ZNF750 Drives Terminal Epidermal Differentiation via Induction of Klf4

Disrupted differentiation is a hallmark of numerous diseases, which in epidermis alone impact >25% of the population. In a search for dominant mediators of differentiation, we defined a requirement for the ZNF750 nuclear protein in terminal epidermal differentiation. ZNF750 controlled genes mutated in numerous human skin diseases, including FLG, LOR, LCE3B, ALOXE3, and SPINK5. ZNF750 potently induced progenitor differentiation via an evolutionarily conserved C2H2 zinc finger motif. The epidermal master regulator, p63, bound the ZNF750 promoter and was necessary for its induction. ZNF750 restored differentiation to p63-deficient tissue, suggesting it acts downstream of p63. A search for functionally important ZNF750 targets via analysis of ZNF750-regulated genes identified KLF4, a transcription factor that activates late epidermal differentiation genes. ZNF750 binds the Klf4 promoter and controls its expression. ZNF750 thus provides a direct link between a tissue-specifying factor, p63, and an effector of terminal differentiation, Klf4, and represents a potential future target for disorders of this process. Gene expression analysis: To establish a differentiation signature for primary human keratinocytes, with ZNF750-depleted, and Klf4-depleted, total RNA was isolated in biologic duplicate from cells in different conditions and hybridized to Affymetrix HG-U133 2.0 Plus arrays.

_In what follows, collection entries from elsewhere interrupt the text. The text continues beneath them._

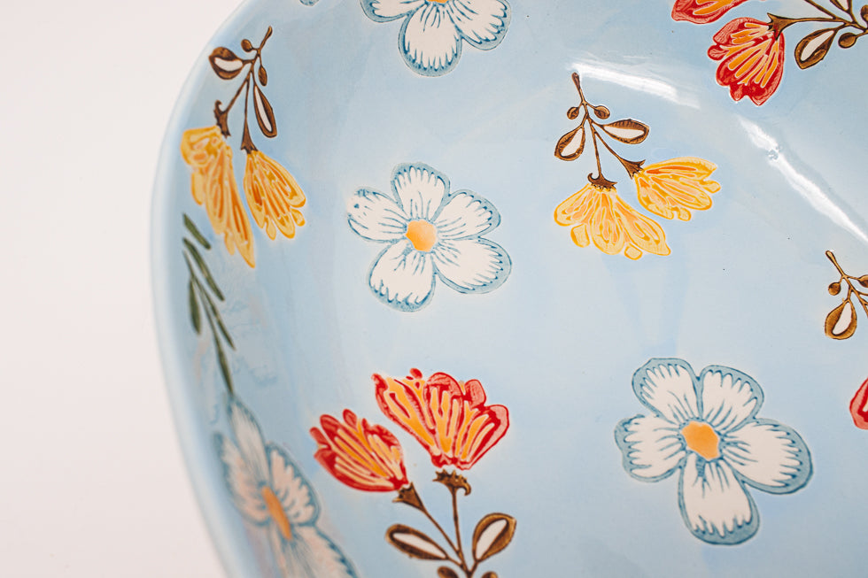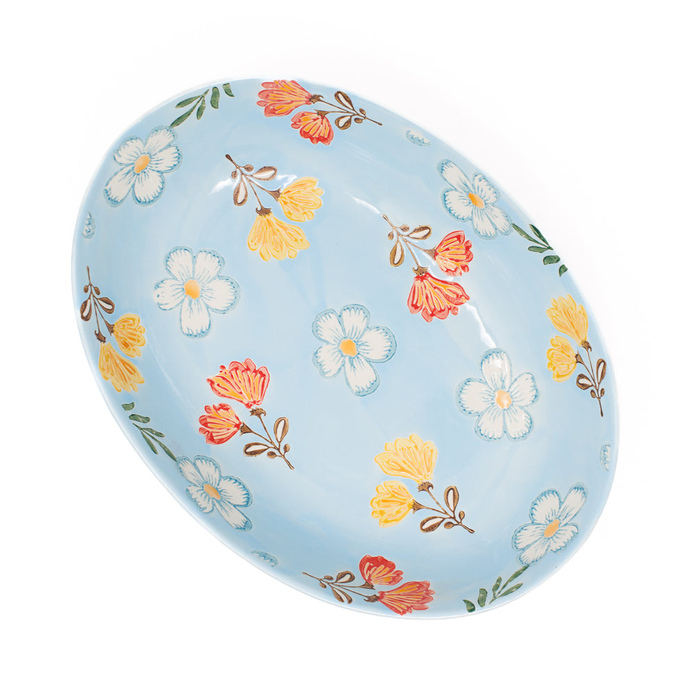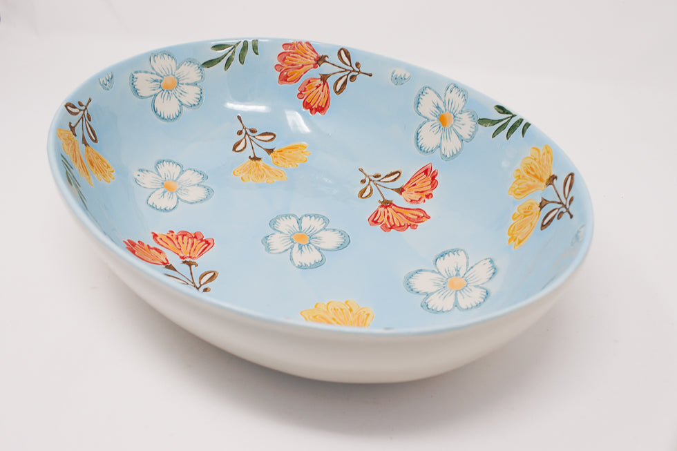 This large blue oval bowl is hand-painted with a floral design designed to match with our smaller ceramic bowls and plates.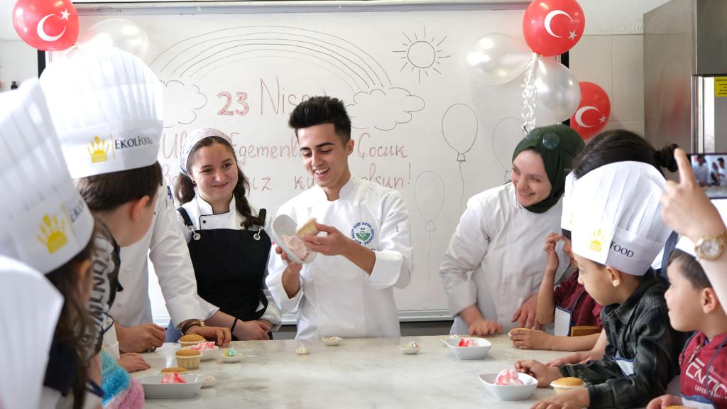 Mengenli minik öğrenciler, 23 Nisan Ulusal Egemenlik ve Çocuk Bayramı coşkusuna, üniversiteli ağabey ve ablalarıyla birlikte hazırladıkları lezzet etkinliğiyle başladı.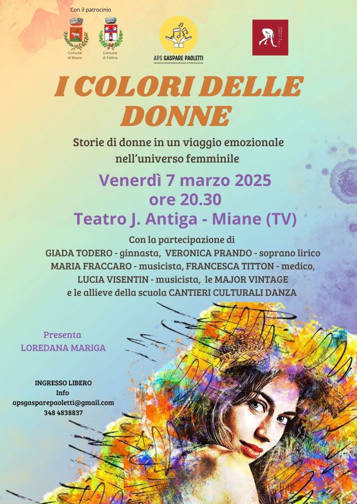 Venerdì 7 marzo dalle 20.30 il Teatro Antiga di Miane verrà invaso da “I colori delle donne”, evento voluto e promosso dall’ APS Gaspare Paoletti con il patrocinio del Comune di Miane e Follina, evento inedito e particolare in occasione della giornata internazionale della donna, che vuole andare controcorrente contrastando l’aspetto consumistico che ha preso piede negli ultimi anni in questa giornata, per dare invece il giusto valore alla figura femminile.

分化受阻是众多疾病的标志性特征，仅在表皮组织中就影响超过25%的人群。为探寻分化过程中的关键调控因子，我们明确了核蛋白ZNF750在表皮终末分化（terminal epidermal differentiation）中的必需作用。ZNF750所调控的基因在多种人类皮肤疾病中发生突变，包括FLG、LOR、LCE3B、ALOXE3及SPINK5。ZNF750通过进化保守的C2H2型锌指结构域（C2H2 zinc finger motif），高效诱导表皮祖细胞分化。作为表皮核心调控因子的p63，可结合ZNF750的启动子区域，且对ZNF750的诱导表达不可或缺。ZNF750可恢复p63缺陷组织的分化能力，这提示其作用通路位于p63的下游。通过分析ZNF750的调控基因以筛选其功能关键靶标，我们发现了转录因子KLF4——该因子可激活表皮晚期分化相关基因。ZNF750可结合Klf4的启动子区域并调控其表达。由此，ZNF750搭建起了组织特异性调控因子p63与终末分化效应因子Klf4之间的直接调控链路，同时可为该分化过程异常相关疾病的未来干预提供潜在靶点。基因表达分析：为构建原代人角质形成细胞在ZNF750敲低、Klf4敲低及正常培养条件下的分化特征谱，我们从不同培养状态的细胞中提取了生物学重复的总RNA，并将其与Affymetrix HG-U133 2.0 Plus基因芯片进行杂交。